As an UBER driver, am I allowed to accept just a package to be delivered from one address to another? I have read the thread about the Amazon Prime packages, but still don't think UBER officially allows this. Who can answer this question? My support email has gone unanswered for 74 hours and counting...


----------



## Bart McCoy (Nov 4, 2014)

Pax asking you to transport packages only?


----------



## Larry-AMS (Feb 24, 2015)

Yep. I was honest and told them I was unsure, but I took them anyway. 15 miles, $30 fare, $10 tip! Happy pax! I know the business and their need for rush delivery. If UBER allows this, I am going back to them to offer to be available when they think they may need me most...same time everyday...sounds like a good option.


----------



## Guest (Mar 18, 2015)

My personal policy (I don't care what uber says about it):

I don't haul cargo.

I don't pick up passengers at the grocery store with any more than about 3 bags. Certainly not a cart full.

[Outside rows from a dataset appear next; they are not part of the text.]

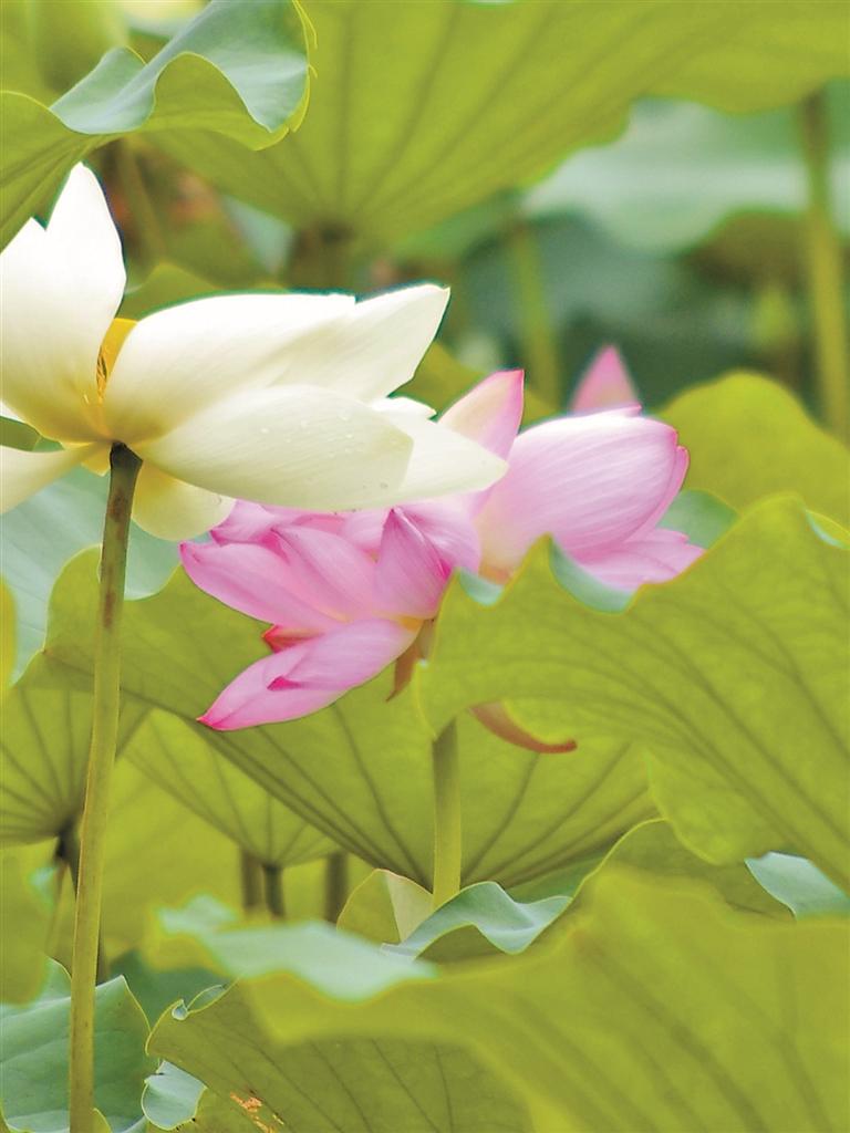 洪湖公园内发现两朵并蒂莲。
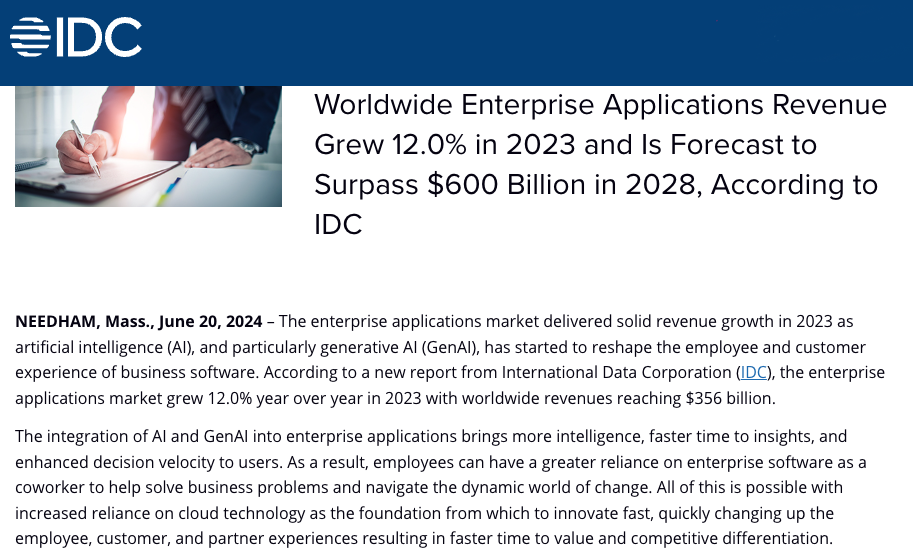 IDC(International Data Corporation)가 ‘2023년 전 세계 엔터프라이즈 애플리케이션 소프트웨어 시장 점유율(Worldwide Enterprise Applications Software Market Shares, 2023)’ 보고서를 발표했다. 보고서는 AI 및 생성형 AI 뿐만 아니라 디지털 혁신을 위한 새로운 도구에도 지속적인 투자를 이어갈 것이라고 밝혔다.
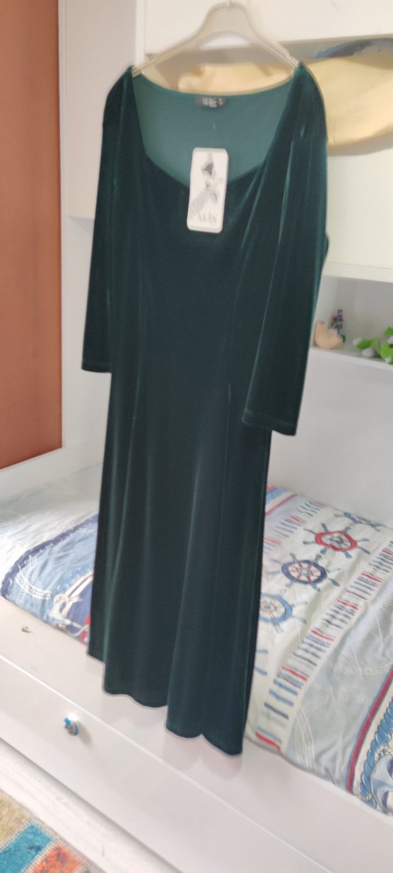 Uzun kolu ve kayık yaka detayları ile drapeli, rahat kesimli yeşil kadın elbisesi. Ofis kullanımı için uygun, sentetik dokulu kumaştan üretilmiştir.
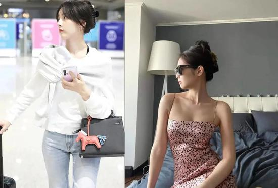 别以为这类可可爱爱的发饰只适合清纯可爱的pljj,走气质路线的钟楚曦也没有逃过这阵时髦风。
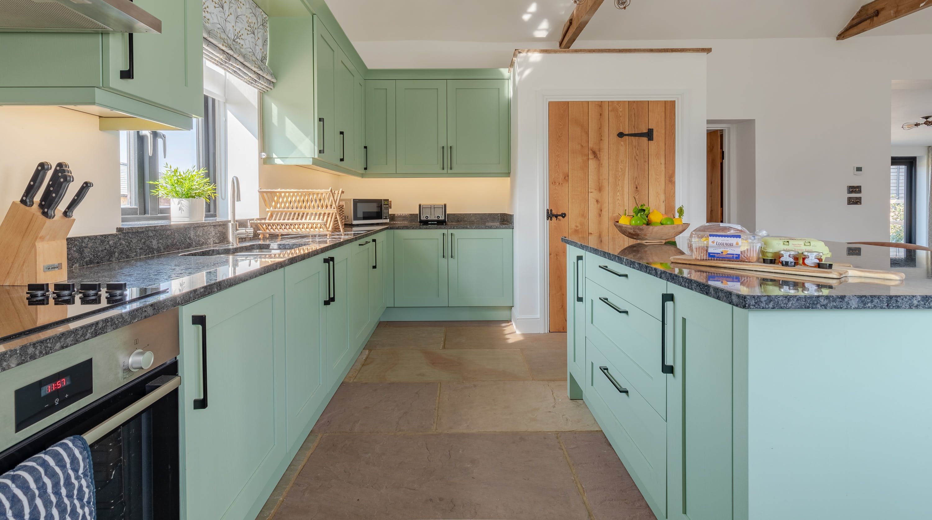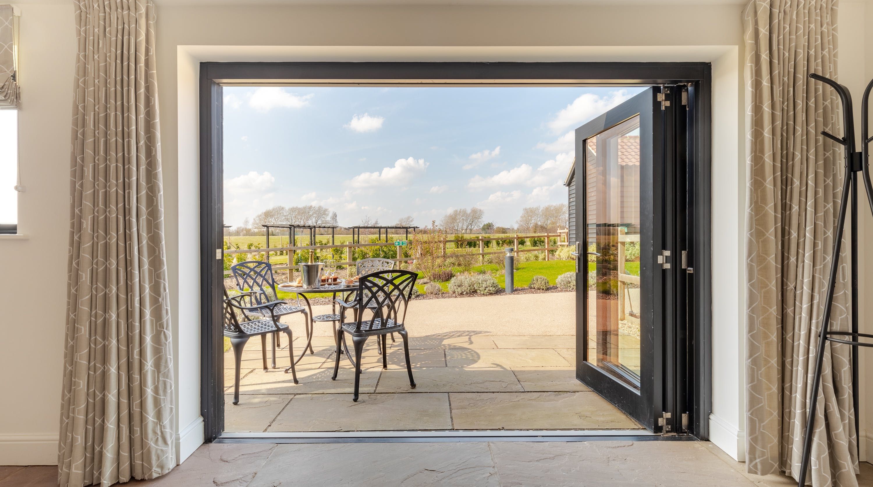 An open-plan layout creates a sociable and stylish kitchen and living room area at the heart of the barn conversion, where bi-fold doors open out onto a private terrace and alfresco dining area. Take in scenic views over the luscious green farmland when eating delicious homemade meals in the fresh air.
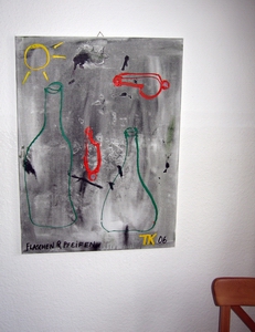 THOMAS KAPIELSKI Noderne Gunst 09.03. - 29.04.2012, Galerie ARTAe Leipzig Eröffnung am Freitag, 09. März 2012 von 18 – 22 Uhr Einführung gegen 19 Uhr, Guillaume Paoli, Philosoph, Soziologe und Publizist Der Künstler ist anwesend LESEFRÜHSCHOPPEN VOL. 3 / 17.März 2012, ab 11 Uhr Thomas Kapielski, Jürgen Roth, Bamberger Bier und Weisswurst Sonderöffnungszeiten zum Frühjahrsrundgang der Leipziger Galerien: Samstag und Sonntag, von 11 bis 19 Uhr ![]() ![]() Noderne Gunst Der Berliner Schriftsteller Thomas Kapielski war in den vergangen Jahren ein Stammgast der Galerie in Sachen Literatur, in Bierangelegenheiten oder als Laudator einer Ausstellungseröffnung. Doch diesmal ist etwas anders. Der mit dem Preis der Deutschen Literaturhäuser 2010 geehrte Kapielski ist ein Meister des Wortes und ein genial- dilletierendes Universalgenie! TK macht Musik (u.a. im Original Oberkreuzberger Nasenflötenorchester), er fotografiert, malt und bastelt, ist also auch bildender Künstler. Und eben diesen präsentieren wir nun zum ersten mal in Leipzig. Ab dem 9. März 2012 sind einige seiner kleinen und großen Meisterwerke der Alltagsgegenstände, des Grotesken, des Wortspiels und subversiven Kunst- Kunst unter dem Titel „Noderne Gunst“ in der ARTAe Galerie zu bewundern. Nach eigenen Angaben entstehen diese Arbeiten nach langem Sammeln und Konzipieren recht flott auf wenigen Quadrat- metern in seiner Küche. Und eben diese schnelle und freie Umsetzung bereitet dem geneigten Betrachter ein freudiges, hintersinniges und befreiendes Vergnügen. Denn sicherlich ist die liebe Kunst ungemein wichtig, sie bildet und setzt sich auseinander und soll den einen oder anderen manchmal sogar immer noch provozieren. Gleichwohl ist die Kunst eben nur Kunst, nicht mehr und nicht weniger und sie ist zu nichts nutze. Kapielskis Arbeiten verweigern sich ohne Anstrengung den gängigen Sprachen, Codes und Klischees der zeitgenössischen Kunst. So kommen bei ihm die essenziellen und nützlichen Dinge oder manchmal einfach nur Da- Seiendes zu Ehren; beispielsweise eine fotografische Reihe von Wandhaken jeglicher Couleur, Lampen oder Hotelbetten. Der gute alte Hausschuh: gewöhnlich einfach nur benutzt, wie selbstverständlich ausgelatscht und anschließend weggeschmissen - bei Kapielski erhält er ein Acrylgebiss und probt den Aufstand auf weichem Geläuf. Auf Papier und Leinwand gibt es dann die feinen Spielereien der Worte und Sprache, kombiniert mit karikaturartigen Zeichnungen und Kritzeleien und mit, aus dem Gewohnt- Dahingesagtem entrissenen Floskeln und Sätzen. Mal mit Bleistift oder Kugelschreiber, mal mit Acryl und Öl. Und dann ist da noch das Abbild. Bei Kapielski folgerichtig und konsequent mündend im, wie er sagt „ultimativen Ölschinken“, einem Frühwerk aus dem Jahre 1984. Literatur und Ölschinken – er reflektiert und seziert unseren Zeitgeist, dessen Absurditäten, Merkwürdigkeiten und Eitelkeiten, im Alltäglichen genauso wie im so genannten Kunstbetrieb. Das Ganze gelingt ohne jeglichen anklagenden oder weinerlich- selbstmitleidigen Ton, ohne Bedeutungshuberei. Vielmehr finden wir ein mildes, wohlwollendes und ebenso selbstironisches Lustigmachen, das entspannt, zurecht rückt und Abstand gewinnen lässt. In diesen Zusammenhang passt auch der Kasseler Literaturpreis für grotesken Humor, den der Künstler 2011 erhielt. Nach Einzelausstellungen in der Kunsthalle Göppingen, der Galerie & Edition Marlene Frei Zürich und der Städtische Galerie Delmenhorst im vergangenen Jahr, freuen wir uns nun sehr auf die „Noderne Gunst“ in Leipzig, auf Thomas Kapielski und ihren Besuch der Ausstellung! Marian Elsner, Februar 2012 Mehr zu / More about Thomas Kapielski Homepage von Thomas Kapielski |

I don't haul passengers with small bikes, surfboards, hockey gear and sticks etc. Have had all these tried.

I wouldn't deliver a package (no rider). Not my job. What's in it? Whatever is in it would be looked at as mine.

I've been waiting for the warehouse guy who tries to get me to deliver 10 cases of widgets across town. Call UPS.


----------



## Larry-AMS (Feb 24, 2015)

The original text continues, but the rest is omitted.